Examples of other non standard systems might include ancient/historical or cultural units of measure (I.e. Cubits, Stones etc.). Or units specific to a xxxx such as dollars per capita, monetary units etc population

For the English units the encoding is similar to the metric encoding, but the lower byte has a different interpretation.

    1 1 1 1 1 1
    5 4 3 2 1 0 9 8 7 6 5 4 3 2 1 0
   +-+-+-+-+-+-+-+-+-+-+-+-+-+-+-+-+
   |1|base quality |d|I|var| enum  |
   +-+-+-+-+-+-+-+-+-+-+-+-+-+-+-+-+

As with metric units, the upper byte enumerates the unit physical quality class.

Bit 15
This bit will always be 1 indicating nonstandard units.
Bits 8-14
These bits are one of the international standard base or derive quality. Essentially this corresponds to the quantity being measured. (This matches the metric units encoding)
Bit 7
0 indicates this component of the unit appears in the numerator.
1 indicates it appears in the denominator.
Bit 6
Imperial units

0 Indicates US customary units.
1 Indicates Imperial or English customary units or other units only used in England.

In the case of weight (base quality = 08h) Since the US and Imperial systems use Avoirdupois and Troy weights bit 6 does not represent Imperial units. The exception being the long and short hundredweight and ton. In all other weight cases bit 6 in combination with bits 4-5 represents archaic weight systems in use prior to the existance of the US.

Bits 4-5
These bits are used to denote variations in units or a different system.
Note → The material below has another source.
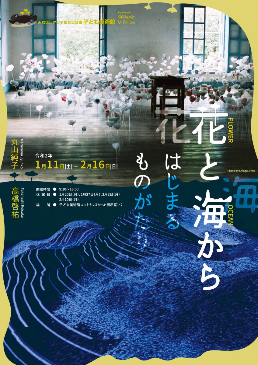 『花と海からはじまるものがたり』というタイトルで、丸山純子さんと高橋啓祐さん2人展のチラシ・ポスターをデザインいたしました。

The coding depends on the base physical quality being measured.

Units system for a physical quality measurement these bits will be 00 (Or may be an extension of the enumeration if needed for future use).
Weight (base quality = 08h)
Bit 6Bits
4-5
System Special measurement
0 00 Avoirdupois
0 01 Troy
0 10 Wool For the measurement of wool.
Only the pound, clove, stone and tod were relevant wool units.
0 11 Undefined Reserved for future use
1 00 Imperial Avoirdupois For British (long) tons and hundredweight
1 01 Libra mercatoria (trade pound) Also known as the London pound was 7200 grains (i.e. 15 troy ounces). This died out around the middle of the 14th century. One London stone was of 12½ London pounds.
1 10 Tower The tower pound was used for weighing coins, and was of 5400 grains. The tower pound was abolished in 1527. The name may be from Tower Hill, the site of the royal mint. This number of grains comes from the traditional weight of an English silver penny of 22½ grains (Troy, or grains of barley - the same as 30 grains of wheat), and 240 pennies to the pound.
1 11 Undefined

Bit 0-4
This is the enumerated unit of measure.

Because the English system generally has no logical system for relating scales of units no attempt has been made encode the unit of measure. However, generally, the smaller the unit of measure, the smaller the code. Because there are 32 possible codes, the units have been assigned at staggard values to allow additional nonstandard codes to be inserted in the enumeration in the future without having to reenumerate. This allows the units to be sorted and compared.




Example

Temporal units

The time units are used in UED for units of measure and to distinguish the time step, and to time stamp data records. (UED allows you to store data at any time step, and time stamps identify the starting date of a series of numbers for a given variable, so record can be time stamped for the start date, and the time step specifies the interval for each value).